Four image datasets and study population

The total number of ultrasound images in this work was 26 541, including 10 756 benign nodule images and 15 785 malignant nodule images. Of the images, 17 859 (67.29%) images from Centers 1 to 3 were used for training. A total of 7 560 (28.82%) images from Centers 1 to 3 were used for internal testing. The dataset from Center 4 containing 1 032 (3.89%) images was only used as an external test set without training for verifying the generalizability of the model. Table 1 summarizes the number of images used in our training and testing datasets.

A total of 11 865 patients who underwent ultrasound examination and surgery between January 2015 and December 2017 at one of these four centers were included in this research. Demographic data and image information for all patients from four medical centers are shown in Table 2.

Table 2.

Demographic data and image information for all patients from four medical centers.

Center 1 Center 2 Center 3 Center 4
No. of patients 10993 151 460 261
Sex
 Female (n) 8379 (76.22%) 117 (77.48%) 369 (80.22%) 197 (75.48%)
 Male (n) 2614 (23.78%) 34 (22.52%) 91 (19.78%) 64 (24.52%)
Age (years) 46 (18–84) 49 (21–67) 51 (18–73) 52 (23–70)
Position of nodules
 Left lobe 5063 (46.06%) 79 (52.31%) 214 (46.52%) 127 (48.66%)
 Right lobe 5652 (51.41) 70 (46.36%) 228 (49.57%) 128 (27.77%)
 Isthmus 278 (2.53%) 2 (1.32%) 18 (3.91%) 6 (2.61%)
Size (cm) 1.25 (0.38–7.80) 1.72 (0.58–6.25) 1.53 (0.30–6.91) 2.12 (0.49–7.21)
Postoperative pathology
Benign nodules 3996 (36.35%) 82 (54.30%) 213 (46.30%) 153 (58.62%)
 Nodular goiter 2745 71 166 127
 Adenomatous goiter 551 11 45 26
 Thyroid granuloma 518
 Follicular adenoma 182 2
Malignant nodules 6997 (63.65%) 69 (45.70%) 247 (53.70%) 108 (41.38%)
 PTC 6910 69 246 108
 MTC 65 1
 FTC 20
 ATC 2
Total images 23504 530 1475 1032
 Benign 9084 289 881 502
 Malignant 14420 241 594 530
Types of machine Philips EPIQ 5 Philips IU22 Philips EPIQ 7 GE LOGIQ E9
Philips IU Elite Philips IU22 Mindray DC-8
Philips IU22 Siemens Acuson Qxana 2 Siemens Acuson S2000
Philips HD11 Siemens Acuson S2000
TOSHIBA Aplio 500
TOSHIBA Aplio 400

PTC – papillary thyroid carcinoma; MTC – medullary thyroid carcinoma; FTC – follicular thyroid carcinoma; ATC – anaplastic thyroid carcinoma.

Classification by EDLC-TN

In this paper, accuracy, specificity and sensitivity were the main evaluation criteria for classification. Two models were similar in structure, so we analyzed the experimental results of one them, Classifier1, as the main model. The results of ensemble learning using different combination strategies are shown in Table 3. Among them, the method of voting requires at least three weak models, so two instances of weak classifier 1 are used.

Table 3.

Comparison of the diagnostic performance of EDLC-TN with radiologists.

Accuracy Sensitivity Specificity
EDLC-TN 93.70% 93.19% 94.01%
Radiologist 1 91.55% 91.45% 91.71%
Radiologist 2 87.26% 96.34% 72.19%
Radiologist 3 93.07% 92.56% 93.92%
Average of radiologists 90.63% 93.45% 85.94%
Radiologists and EDLC-TN 96.54% 97.11% 95.58%

EDLC-TN – ensemble deep learning classification model of thyroid nodules.

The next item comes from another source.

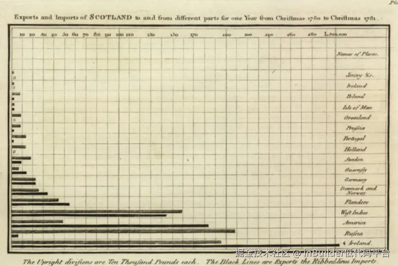 18世纪是统计图形学繁荣时期,其奠基人威廉·普莱菲尔发明了折线图、柱状图、饼状图、圆图。社会和科技进步相伴随的是数据的价值开始为人们所重视,人们不满足只在地图上展示几何图形,抽象图形和函数图形的功能被大大扩展,许多崭新的数据可视化形式在这个世纪诞生了。
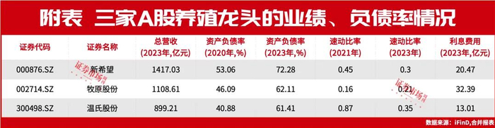 生猪养殖业是较为典型的重资产行业,过去几年养猪企业负债扩张,带来一定的财务压力。iFinD显示,新希望过去几年资产负债率上升较快,从2020年的53%上升至2023年的72.3%;牧原股份、温氏股份去年的资产负债率也分别达到62%、61.4%。

The accuracy rate of the two weak models was already high. Strong classifier 1 and strong classifier 2 both were obtained by combining two models. Of the three methods, the averaging method calculates the arithmetic mean of the results obtained from the two models, the competition method takes the higher confidence level of two results as the predicted value, and the voting method combines the results of multiple (more than 3) models. All the models vote for benignancy and malignancy, with the majority of votes serving as the final result. Therefore, we found that the strong classifiers had higher accuracy than each weak classifier. The test results for weak and strong classifiers in diagnosis of thyroid nodules are shown in Supplementary Table 4.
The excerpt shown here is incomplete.